Projects

Contributing to the nf-core/proteinfold development – (NextFlow)

nf-core/proteinfold

I am part of a team at the Structural Biology Facility - UNSW that is contributing to the international nf-core/proteinfold NextFlow pipeline, started at the Centre for Genomic Regulation in Barcelona. Proteinfold allows automatic high-performance protein folding from a simple samplesheet listing the target FASTA files. Proteinfold supports switching modes between multiple contemporary AI protein structure prediction programs, and generates an HTML report that visualises the protein structures. Since it’s written in NextFlow, it ensures reproducibility and can be run on either on-premises computing hardware or via cloud computing providers.

My main current contribution to the pipeline is unifying the quality metrics from these AI models (structure confidence, interaction scores) into a common plaintext format that scientists can easily manipulate, rather than having to deserialise the various formats different programs have adopted and query particular keys. My aim is to amass these quality metrics into a summary MultiQC report that provides “at-a-glance” ranking and insight into structure prediction success of “bulk” protein folding (e.g. entire proteomes, oversampling replicates).

Folding entire proteomes with deep learning models – (AlphaFold)

I use high-performance computing systems to predict the folded structure of proteins from their amino acid sequence. By selecting efficient methods with acceptable accuracy for their application, I am able to “fold” the entire closed genome of organisms on modest high-performance compute servers. I then generate structured summaries and high quality rendered images, handing this molecular inventory back to biomolecular specialists who are able to identify key proteins in biochemical pathways.

Refactoring code for mass spectrometry reports – (R, GitHub)

I did some restructuring and refactoring of a codebase for a suite of mass spectrometry analysis reports, which had built up over time without consistent version control so had become divergent. Working alongside a talented Master’s student & R developer I migrated the set of core functions and code versions to an Enterprise GitHub repository and began identifying points of commonality between versions of plotting and statistical functions. This code rewrite significantly reduced the lines of code to maintain, made function naming and operation clearer, allowed easy addition and modification to analysis workflows, and enabled easy install from RStudio with install_github().

Structure-Activity Relationships for Carbonyl Photolysis – (PhD)

Structure-activity relationships for carbonyls

The photochemistry of diverse small carbonyls could be used to predict the behaviour of atmospherically important molecules.

My PhD thesis was on the development of a set of rules that define the relationships between the molecular structure of a carbonyl and how it reacts following UV light absorption. Carbonyls are central to the atmosphere, they are one of the few atmospheric molecules that absorb UV, the radicals they create from UV photolysis drive chemical cycles, and the C=O functional group is formed abundantly when carbon-containing molecules oxidise in the atmosphere. Atmospheric chemistry models manage the simulation of thousands of atmospheric molecules by using structure-activity relationships (SARs), but no SARs had been developed for carbonyl photolysis. Instead, cruder “surrogate” approximations are employed based upon experimental data for roughly a dozen molecules.

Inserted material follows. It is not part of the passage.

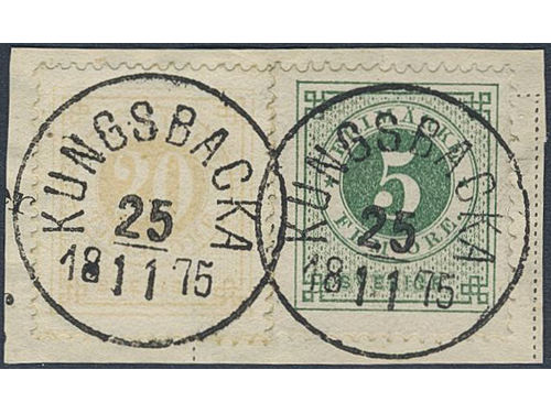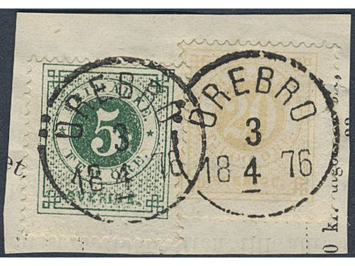 Sweden. Facit 22f, 19 on piece, 20 öre pale orange + 5 öre on very beautiful cut piece cancelled ÖREBRO 3.4.1876. Show less

My PhD thesis developed SARs from comprehensive reaction threshold calculations on 38 representative carbonyls, across all relevant electronic states. My thesis is an attempt to derive more general carbonyl photolysis SARs to cover a wider range of molecules and reaction types. The dominant Norrish Type I photolysis reaction is covered in a paper in JPCA, and energetically accessible photo-initiated ground state reactions are covered in a paper in ACP. Preprints on the topics of other reactions and protocols are available on ChemRxiv

Revising Neighbour-Exclusion in DNA Intercalators – (Honours)

Neighbour exclusion

My simulations revise previous literature by indicating diacridines can insert into DNA without violating neighbour-exclusion.

I studied the insertion of diacridines (linked, flat aromatic molecules) into DNA for my Honours work, for which I received the top mark and Angyal Prize (Best performance in Honours Chemistry). I used molecular dynamics to study the structural feasibility of various binding modes, analysing the insertion into over hundred different structures, where the A,T,C,G sequence at the binding site, the diacridine linker chain length, and bound DNA groove were varied. These dynamics trajectories showed that insertion of both acridine ends was viable and in agreement with empirical measurements. I also performed fragment-based quantum chemical and free energy calculations to attempt to determine the basis of the neighbour-exclusion principle, i.e. insertion cannot occur at adjacent base-pairs, whose physical origins are still unclear. This work is detailed in a paper in Biopolymers.